Resource: SymPy Gamma


It's not considered important enough to be implemented in Sage but I think every teacher sees the educational value if Sage were able to show the steps of its calculations. SymPy Gamma shows how it could be implemented for (some) derivative and integration problems. I've typed in the command integrate(ln(x)) which results in the screenshot above (where it annoyingly writes ln(x) as log(x)). In addition to that information it plots the graph of the solution and even finds the root.


But the explanation for how it got the answer was most impressive:


The main problem is that there were plenty of times in my experimentation that the steps weren't given--as I said already, it shows the solution for some problems.

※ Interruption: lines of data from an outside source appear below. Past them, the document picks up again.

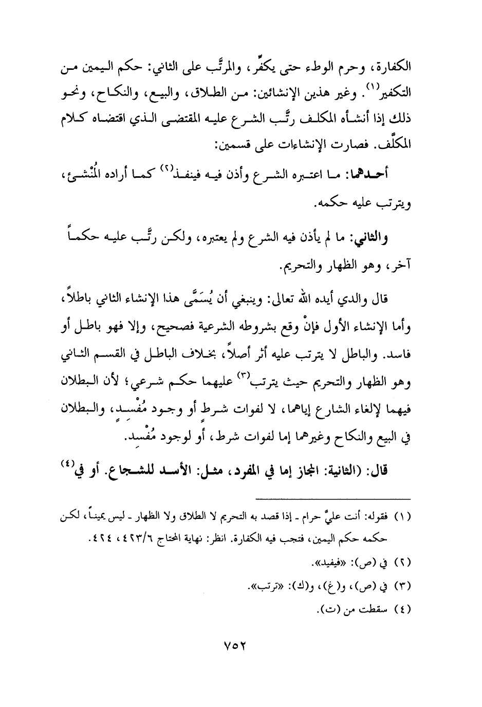 قال والدي أيده الله تعالى: وينبغي أن يُسَمَّى هذا الإنشاء الثاني باطلًا، وأما الإنشاء الأول فإنْ وقع بشروطه الشرعية فصحيح، وإلا فهو باطل أو فاسد. والباطل لا يترتب عليه أثر أصلًا، بخلاف الباطل في القسم الثاني وهو الظهار والتحريم حيث يترتب (¬٣) عليهما حكم شرعي؛ لأن البطلان فيهما لإلغاء الشارع إياهما، لا لفوات شرطٍ أو وجود مُفْسِدٍ، والبطلان في البيع والنكاح وغيرهما إما لفوات شرط، أو لوجود مُفْسِد.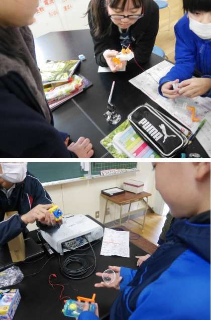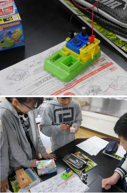 6年理科では、手回し発電器を使っていろいろな実験をしています。今日は、「発電した電気をたくわえて使うことはできないだろうか」と、コンデンサをつないで実験しています。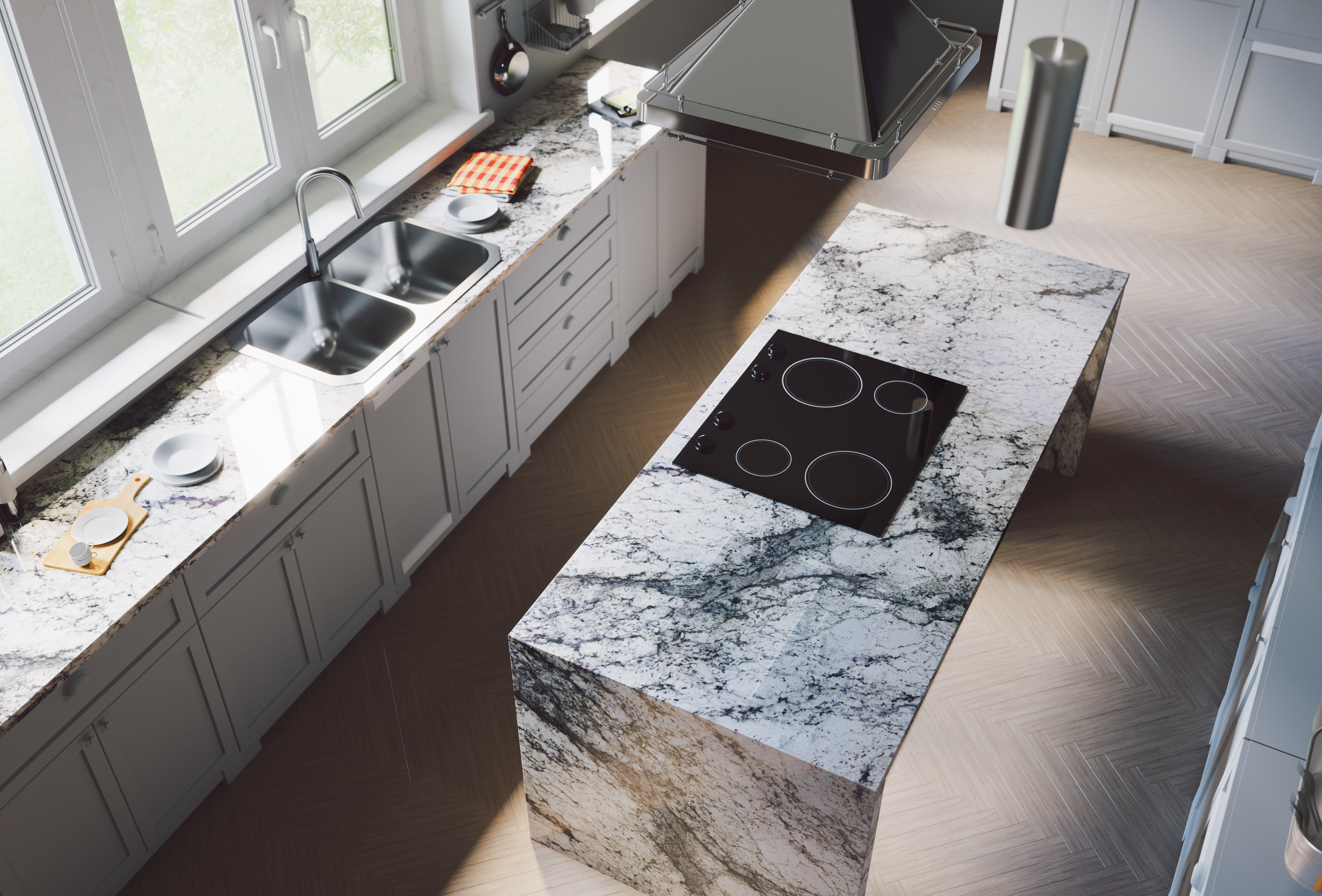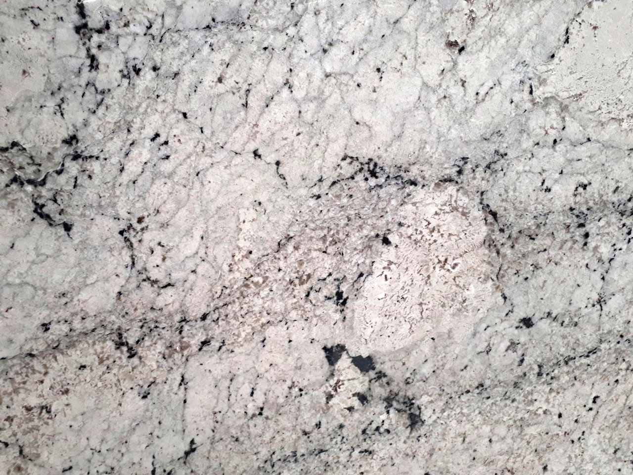 Brazilian granite featuring a grey background with a mixed structure in shades of white, grey, taupe and black.

Before you rush out and try it I need to mention I that while most of the output is provided quickly, some of the information (usually the plot) can take a lot more time to show up-maybe a minute or so. And sometimes it just "times out" without giving all the output. So if you're willing to put together problems that result in a solution you've got a great teaching tool for calculus. I've added SymPy Gamma to the links on sidebar.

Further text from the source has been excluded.